Fractures Tutorial

Fractures - Failure Mechanisms

1. Primary Difference Between Ductile and Brittle Fracture

  • Ductile Fracture: Characterized by significant plastic deformation before fracture, typically responding to stress with noticeable elongation.

  • Brittle Fracture: Occurs with minimal deformation and leads to sudden failure without warning, often resulting in sharp edges.

2. Typical Characteristics of a Ductile Fracture Surface

  • Appearance: Rough, fibrous texture with dimples; indicates extensive plastic deformation.

  • Features: Microscopic void nucleation followed by coalescence of voids; shows significant energy absorption during fracture.

3. Typical Characteristics of a Brittle Fracture Surface

  • Appearance: Smooth and flat or crystalline; lacks significant plastic deformation.

  • Features: Little to no energy absorption, often displaying facets, cleavage planes, or radial lines emanating from a primary crack.

4. Factors Influencing the Mode of Fracture in a Material

  • Material Composition: Alloying elements may enhance brittleness or ductility.

  • Temperature: In general, higher temperatures favor ductility while lower temperatures promote brittleness.

  • Strain Rate: Higher rates can lead to brittle behavior in materials that might otherwise fail ductilely at lower rates.

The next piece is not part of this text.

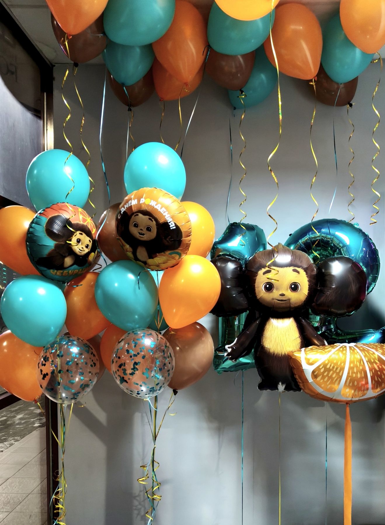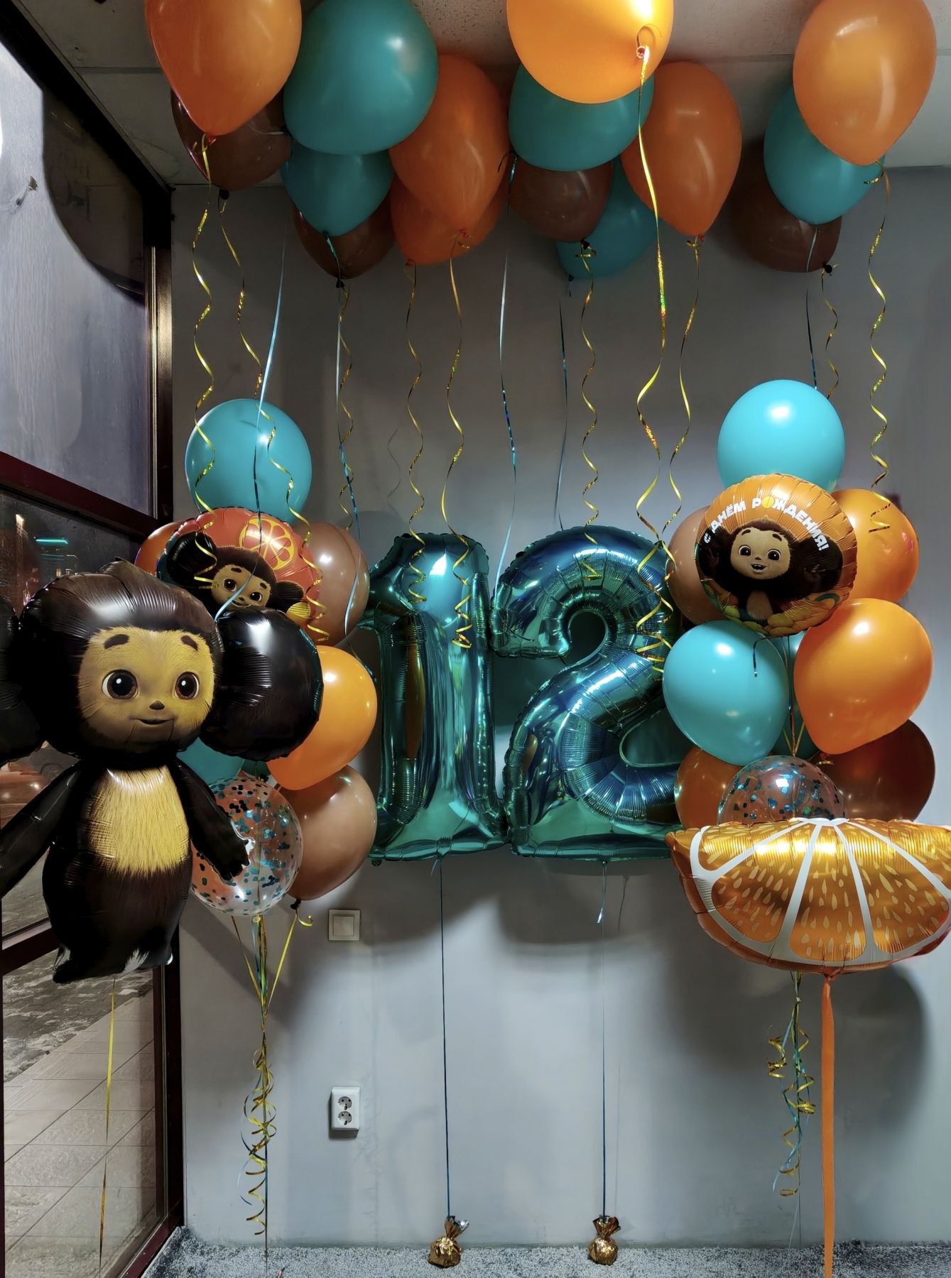 Для доставки используется ГРУЗОВОЕ такси! Состав: - 2 фонтана по 10 шаров (состав 1 фонтана: шар с конфетти, пастель коричневый 2шт, пастель бирюза 3шт, пастель оранжевый 3шт, шар фольгированный круглый Чебурашка) - Цифры баскийский зелёный, 2 шт - фигура фольгированная Чебурашка - фигура фольгированная долька апельсина - шары под потолок: бирюза 5шт, оранжевый 5шт, коричневый 5шт

  • Stress Concentrators: Presence of defects or notches can lead to stress amplification, exacerbating brittle fracture.

5. Effect of Temperature on the Mode of Fracture

  • High Temperatures: Encourage ductile behavior in most materials, allowing for plastic deformation before fracture.

  • Low Temperatures: Can lower the ductile-to-brittle transition temperature (DBTT), promoting brittle fracture.

6. Effect of Strain Rate on the Mode of Fracture

  • High Strain Rates: Typically result in increased brittleness; materials may not have time to deform plastically.

  • Low Strain Rates: Allow for more plastic deformation and generally lead to ductile fractures.

7. Role of Notch Sensitivity in Fracture

  • Notch Sensitivity: Refers to a material's susceptibility to brittle fracture due to the presence of stress concentrators.

  • Materials that are highly notch-sensitive exhibit significant loss of fracture resistance in the presence of notches or flaws.

8. Difference Between Toughness and Strength

  • Toughness: The ability of a material to absorb energy and deform plastically before fracturing; reflects the material's overall resistance to fracture.

  • Strength: The capacity of a material to withstand applied loads without failure; often measured in terms of yield strength and ultimate tensile strength.

9. Determining Ductile-to-Brittle Transition Temperature (DBTT)

  • Method: DBTT can be measured through impact testing (e.g., Charpy impact test) at various temperatures to see at which point a material transitions from ductile to brittle behavior.

  • Graph: Plotting absorbed energy vs. temperature yields the transition point.

10. Practical Examples of Ductile and Brittle Fractures

  • Ductile Fracture Examples: Metal cables under tension, plastic materials subjected to bending.

  • Brittle Fracture Examples: Glass breaking, cast iron failing under tensile load.

11. Process of Ductile Fracture in Tension with Diagram

  • Diagram Description: Shows an elongated material subjected to tensile stress where necking occurs before fracture.

  • Steps:

    • Initial loading leads to elastic deformation.

    • As stress increases, localized necking develops where plastic deformation is concentrated.

    • Further stress leads to void formation and growth at the neck region,

    • Final fracture occurs due to coalescence of voids.